A UK-based media outlet The Independent reported yesterday, that no electronics bigger than the size of a smartphone are being allowed on the flights coming to US from as much as 8 Muslim-majority countries.

The ban has affected some more than nine airlines and 10 airports in eight countries from the Middle Eastern and African region. The list includes Turkey, UAE, Saudi Arabia, Kuwait, Qatar, Jordan, Egypt, and Morocco. The airlines affected are Royal Jordanian Airlines, Egypt Air, Turkish Airlines, Saudi Arabian Airlines, Kuwait Airways, Royal Air Maroc, Qatar Airways, Emirates and Etihad Airways.

As per the order, the airline passengers won’t be able to bring electronic devices with them, not even laptops nor the tablets. The electronics bigger than the size of a smartphone must now be placed with the checked luggage compartment.

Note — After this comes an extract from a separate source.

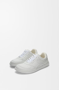 Sneaker in soft grained calfskin featuring a full monochrome look with an asymmetric toe shape and a nappa fussbett. - 25mm heel - Lace closure - L monogram at the side, embossed LOEWE on the heeltab - Anagram-embossed rubber cupsole Colour: White Main material: Calfskin Weight: 1.0 kg Made in: Italy

The reasons of the said orders are not clear as of yet. A spokesperson from the US Homeland Security Department, and the US Transportation Security Administration both denied any comment on this to The Independent yesterday. Today many outlets, however, declared that the ban has been officiated.

“The secretary of the Department of Homeland Security, John Kelly, and the acting head of the Transportation Security Administration, Huban Gowadia, decided that greater security was needed based on intelligence about airlines that fly non-stop from 10 airports to the U.S., according to four senior administration officials who spoke to reporters on background to discuss security measures”, writes USA Today.

As a matter of fact, these countries have quite stable internal security demographics. Not even a single country affected by this ban was listed with Trump’s controversial executive order to suspend the immigrations. Analysts are therefore of the view that the ban relates to some intelligence reports that indicate chances of in-air terror activities.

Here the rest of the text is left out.